(Records from a data source)
______

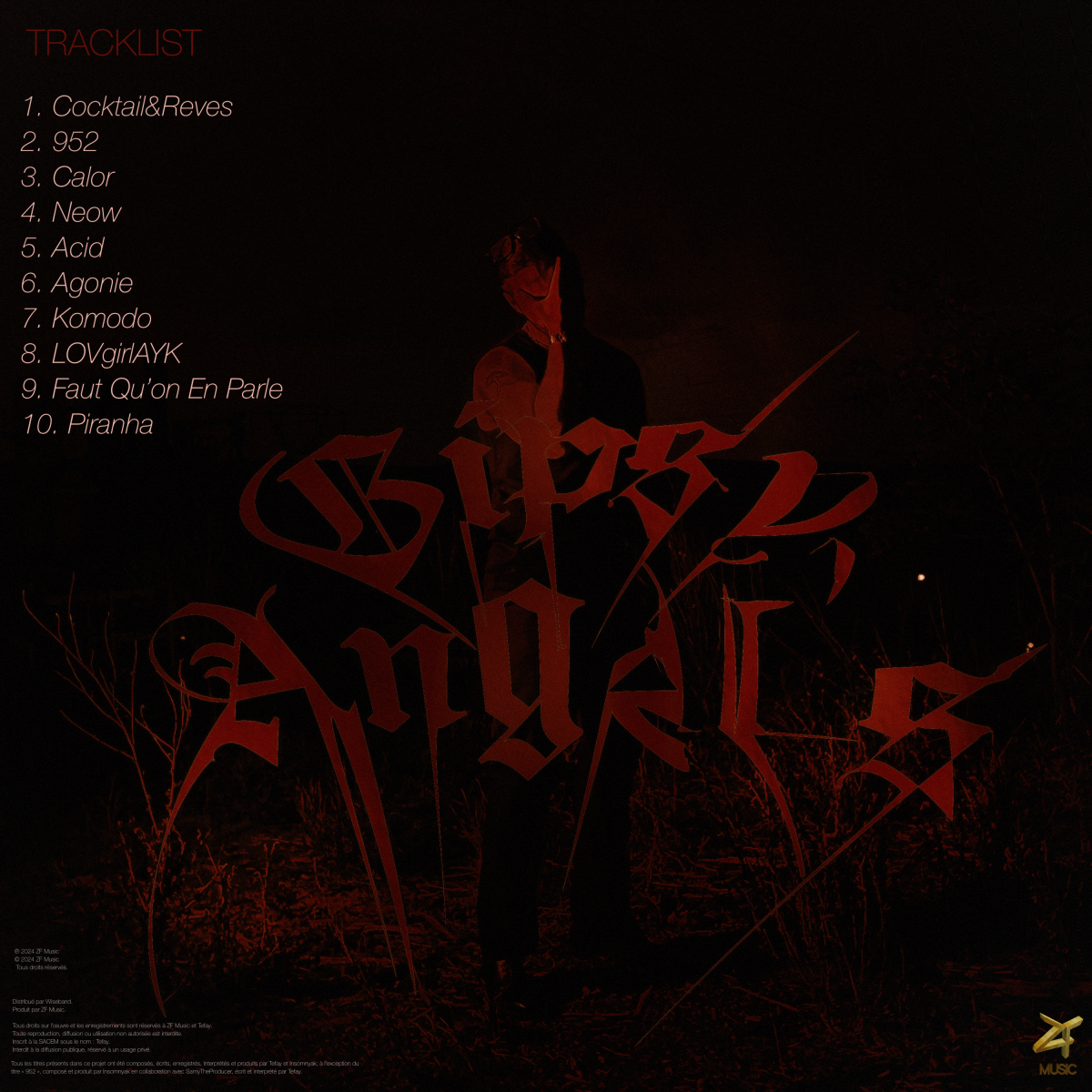 Un tournant dans la vie de l’artiste, où il se « tue » artistiquement pour renaître sous une nouvelle forme, plus résiliante et consciente des trahisons passées. Les sonorités sombres et intenses traduisent la douleur de l’ancienne version de lui-même, laissant place à une force renouvelée.« Acid »
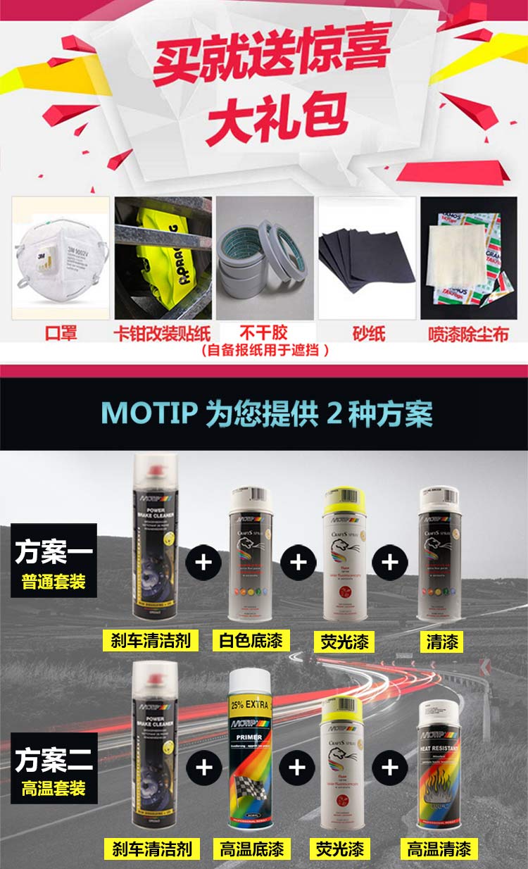 商品名称:MOTIP 汽车荧光卡钳漆防锈手喷漆刹车卡钳改色800度高温漆荧光卡钳套装德国品牌 荧光黄套装
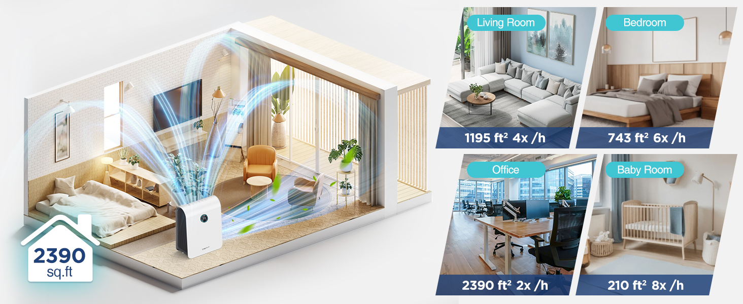 - HIGH-EFFICIENCY & LARGER COVERAGE FOR PET LOVERS: DBFIT AP-M1419 air purifiers for home large room can effectively purify air pollutants and cover an area up to 2390 sq ft, refresh a room of 210 ft² rapidly in just 8 minutes. Superior odor-absorbing filter, it can trap airborne pet hairs and odors more easily. High-efficiency HEPA air purifier captures 99.97% of airborne particles, ensuring a smoke-free, dust-free, allergen-free, and odor-free environment for you and your family!
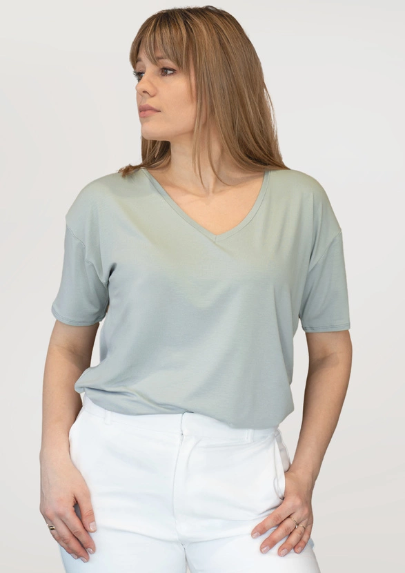 PATTY - lockeres T-Shirt mit V-Ausschnitt in der Farbe mint
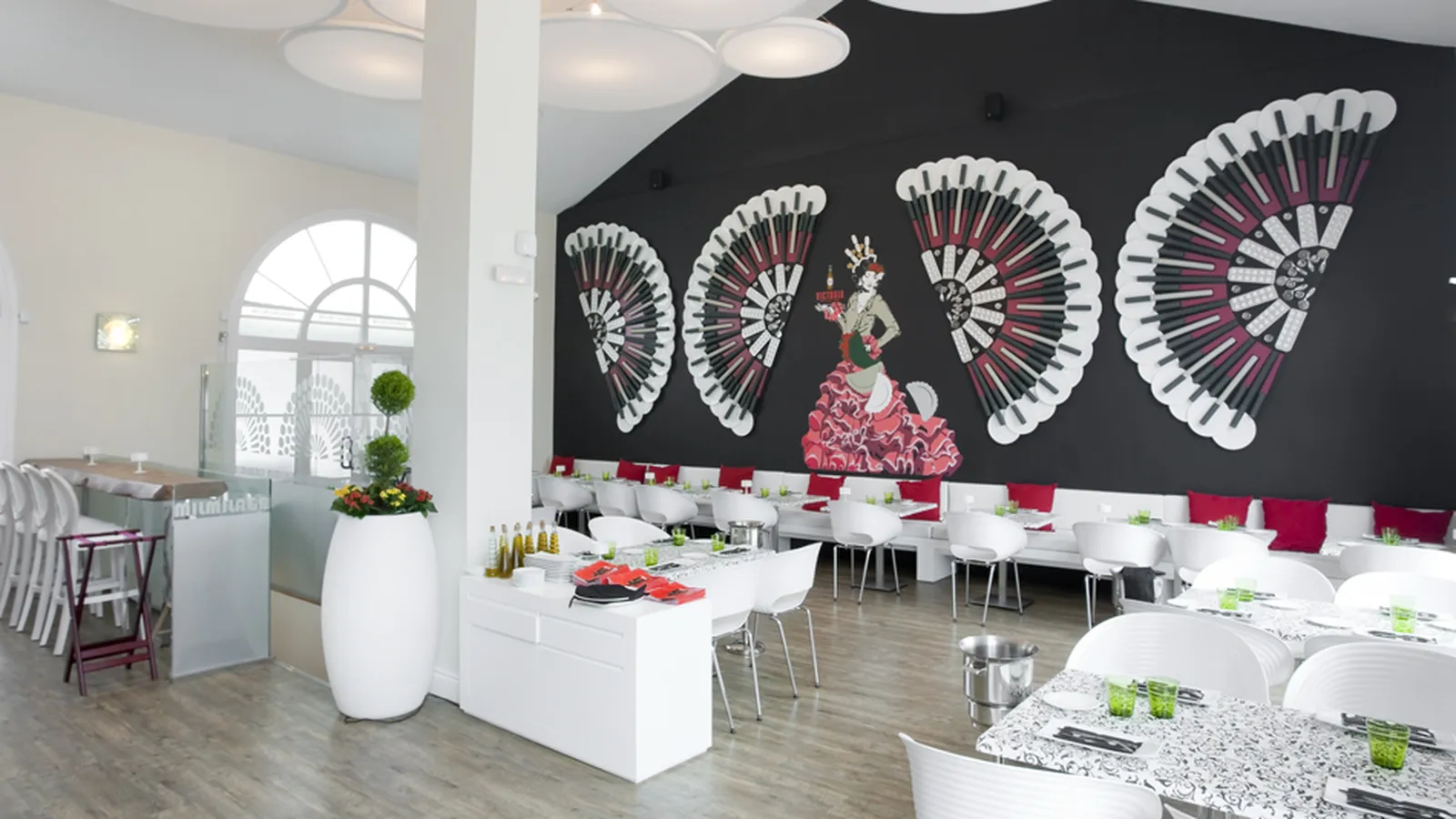Entonces, esta esencia o estilo también se ha aplicado a la decoración. El diseño y la decoración del local parten de una pieza tradicional andaluza como es el abanico, y se re-interpreta de una manera más vanguardista o moderna.
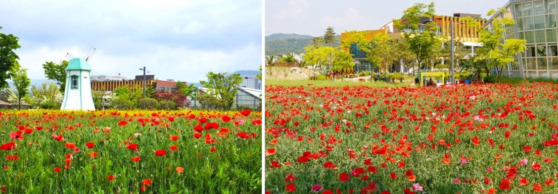 청주농업기술센터는 청주의 농업 기술 연구와 교육을 담당하는 공공기관으로, 계절별 작물 전시와 실습 농원, 정원 공간이 잘 조성되어 있어 자연을 느끼며 여유롭게 둘러보기 좋은 장소입니다. 특히 봄·가을에는 꽃과 식물이 어우러진 산책 코스로 인기가 높아 짧은 일정 속 힐링 코스로 방문하기에 알맞습니다. 유채꽃, 이팝나무꽃, 양귀비꽃 밭 |
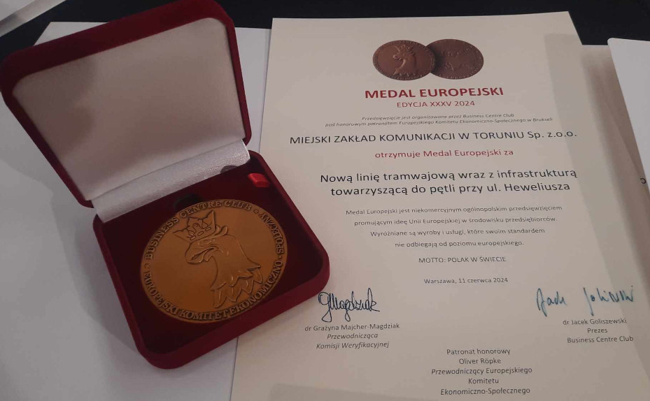 Budowa nowej linii tramwajowej do pętli przy ul. Heweliusza nagrodzona Medalem Europejskim! Prestiżowe wyróżnienie przyznawane przez Business Centre Club oraz Europejski Komitet Ekonomiczno-Społeczny wręczone zostało 11 czerwca 2024 r. w The Oxford Tower w Warszawie.
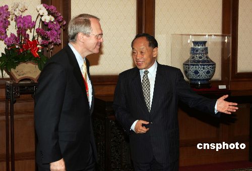 中國(guó)外交部長(zhǎng)李肇星七月二十五日在北京釣魚臺(tái)國(guó)賓館會(huì)見并宴請(qǐng)前來(lái)出席朝核問(wèn)題六方會(huì)談的美國(guó)國(guó)務(wù)院助理國(guó)務(wù)卿希爾。作者:毛建軍
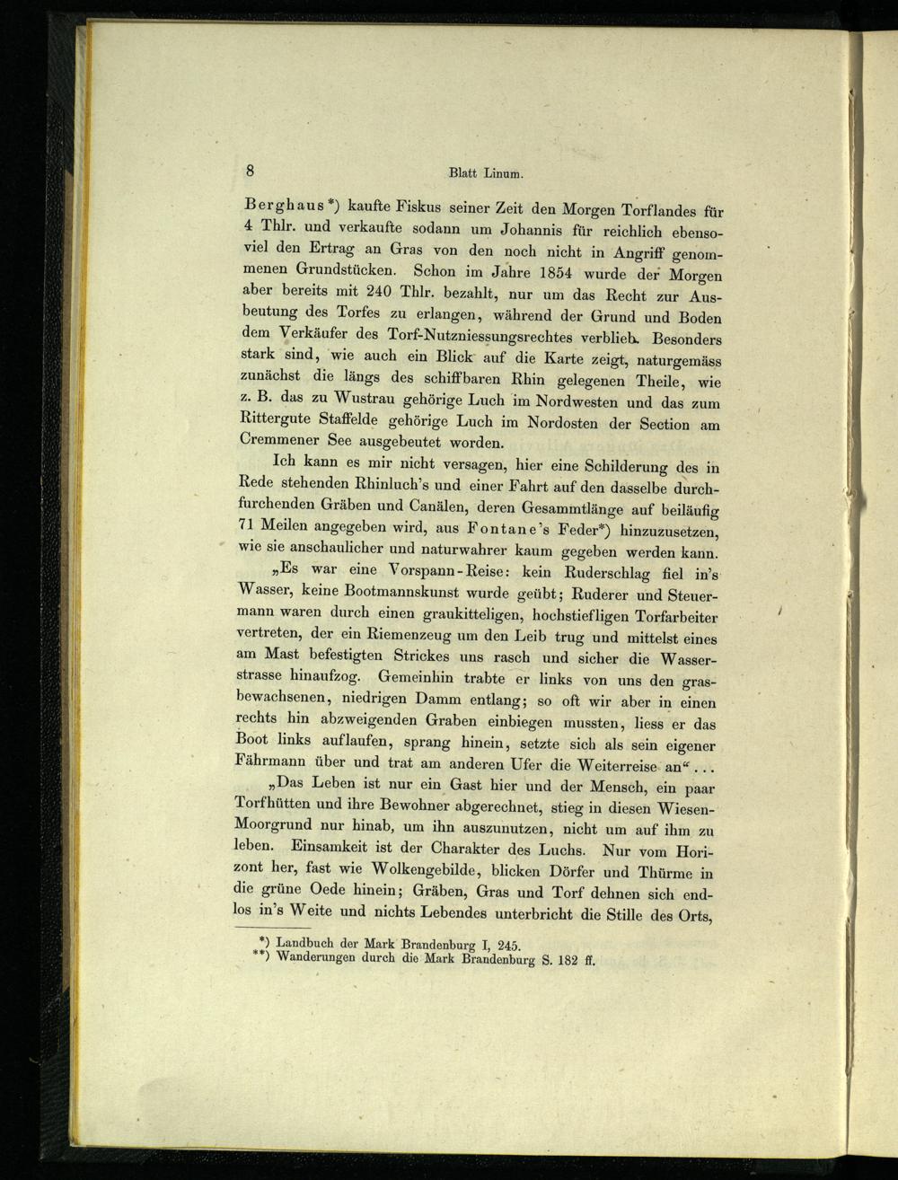 Ich kann es mir nicht versagen, hier eine Schilderung des in Rede stehenden Rhinluch’s und einer Fahrt auf den dasselbe durchfurchenden Gräben und Canälen, deren Gesammtlänge auf beiläufig 71 Meilen angegeben wird, aus Fontane’s Feder”) hinzuzusetzen, wie sie anschaulicher und naturwahrer kaum gegeben werden kann.
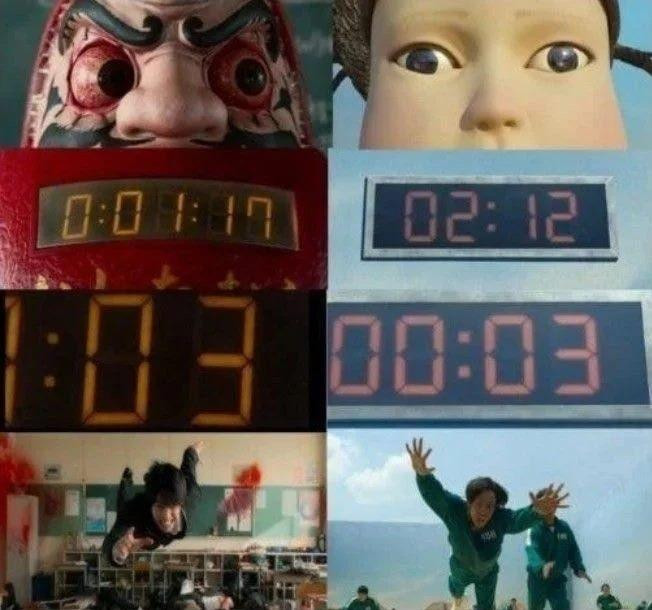 Cụ thể, trong Squid Game, trò chơi đầu tiên là “Đèn đỏ, đèn xanh” được quản trò bởi một con búp bê rô-bốt khổng lồ. Khi búp bê quay lưng lại, người chơi phải vận dụng thời cơ để tiến về vạch đích. Nhưng khi búp bê quay đầu đối mặt, người chơi phải giữ mình bất động, nếu không sẽ bị xử thua cuộc.
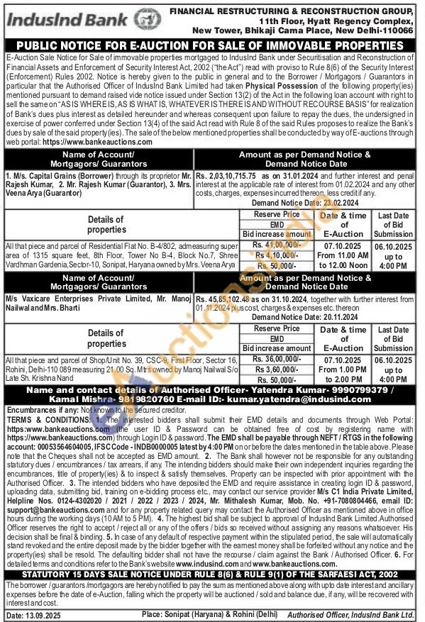 Authorised Officer- Yatendra Kumar- 9990799379 / Kamal Mishra- 9819820760
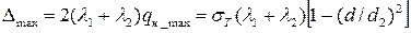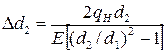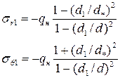 где d - посадочный диаметр; Е 1 , ν1 и Е 2 , ν2 - модуль упругости и коэффициент Пуассона соответственно для охватываемой и охватывающей деталей; d 1 - диаметр отверстия в охватываемой детали; d 2 - наружный диаметр охватывающей детали. Учитывая равенство, несложно получить:

______

Exact wording is required throughout: write out all the records, but no pictures.

 Un tournant dans la vie de l’artiste, où il se « tue » artistiquement pour renaître sous une nouvelle forme, plus résiliante et consciente des trahisons passées. Les sonorités sombres et intenses traduisent la douleur de l’ancienne version de lui-même, laissant place à une force renouvelée.« Acid »
 商品名称:MOTIP 汽车荧光卡钳漆防锈手喷漆刹车卡钳改色800度高温漆荧光卡钳套装德国品牌 荧光黄套装
 - HIGH-EFFICIENCY & LARGER COVERAGE FOR PET LOVERS: DBFIT AP-M1419 air purifiers for home large room can effectively purify air pollutants and cover an area up to 2390 sq ft, refresh a room of 210 ft² rapidly in just 8 minutes. Superior odor-absorbing filter, it can trap airborne pet hairs and odors more easily. High-efficiency HEPA air purifier captures 99.97% of airborne particles, ensuring a smoke-free, dust-free, allergen-free, and odor-free environment for you and your family!
 PATTY - lockeres T-Shirt mit V-Ausschnitt in der Farbe mint
Entonces, esta esencia o estilo también se ha aplicado a la decoración. El diseño y la decoración del local parten de una pieza tradicional andaluza como es el abanico, y se re-interpreta de una manera más vanguardista o moderna.
 청주농업기술센터는 청주의 농업 기술 연구와 교육을 담당하는 공공기관으로, 계절별 작물 전시와 실습 농원, 정원 공간이 잘 조성되어 있어 자연을 느끼며 여유롭게 둘러보기 좋은 장소입니다. 특히 봄·가을에는 꽃과 식물이 어우러진 산책 코스로 인기가 높아 짧은 일정 속 힐링 코스로 방문하기에 알맞습니다. 유채꽃, 이팝나무꽃, 양귀비꽃 밭 |
 Budowa nowej linii tramwajowej do pętli przy ul. Heweliusza nagrodzona Medalem Europejskim! Prestiżowe wyróżnienie przyznawane przez Business Centre Club oraz Europejski Komitet Ekonomiczno-Społeczny wręczone zostało 11 czerwca 2024 r. w The Oxford Tower w Warszawie.
 中國(guó)外交部長(zhǎng)李肇星七月二十五日在北京釣魚臺(tái)國(guó)賓館會(huì)見并宴請(qǐng)前來(lái)出席朝核問(wèn)題六方會(huì)談的美國(guó)國(guó)務(wù)院助理國(guó)務(wù)卿希爾。作者:毛建軍
 Ich kann es mir nicht versagen, hier eine Schilderung des in Rede stehenden Rhinluch’s und einer Fahrt auf den dasselbe durchfurchenden Gräben und Canälen, deren Gesammtlänge auf beiläufig 71 Meilen angegeben wird, aus Fontane’s Feder”) hinzuzusetzen, wie sie anschaulicher und naturwahrer kaum gegeben werden kann.
 Cụ thể, trong Squid Game, trò chơi đầu tiên là “Đèn đỏ, đèn xanh” được quản trò bởi một con búp bê rô-bốt khổng lồ. Khi búp bê quay lưng lại, người chơi phải vận dụng thời cơ để tiến về vạch đích. Nhưng khi búp bê quay đầu đối mặt, người chơi phải giữ mình bất động, nếu không sẽ bị xử thua cuộc.
 Authorised Officer- Yatendra Kumar- 9990799379 / Kamal Mishra- 9819820760
 где d - посадочный диаметр; Е 1 , ν1 и Е 2 , ν2 - модуль упругости и коэффициент Пуассона соответственно для охватываемой и охватывающей деталей; d 1 - диаметр отверстия в охватываемой детали; d 2 - наружный диаметр охватывающей детали. Учитывая равенство, несложно получить:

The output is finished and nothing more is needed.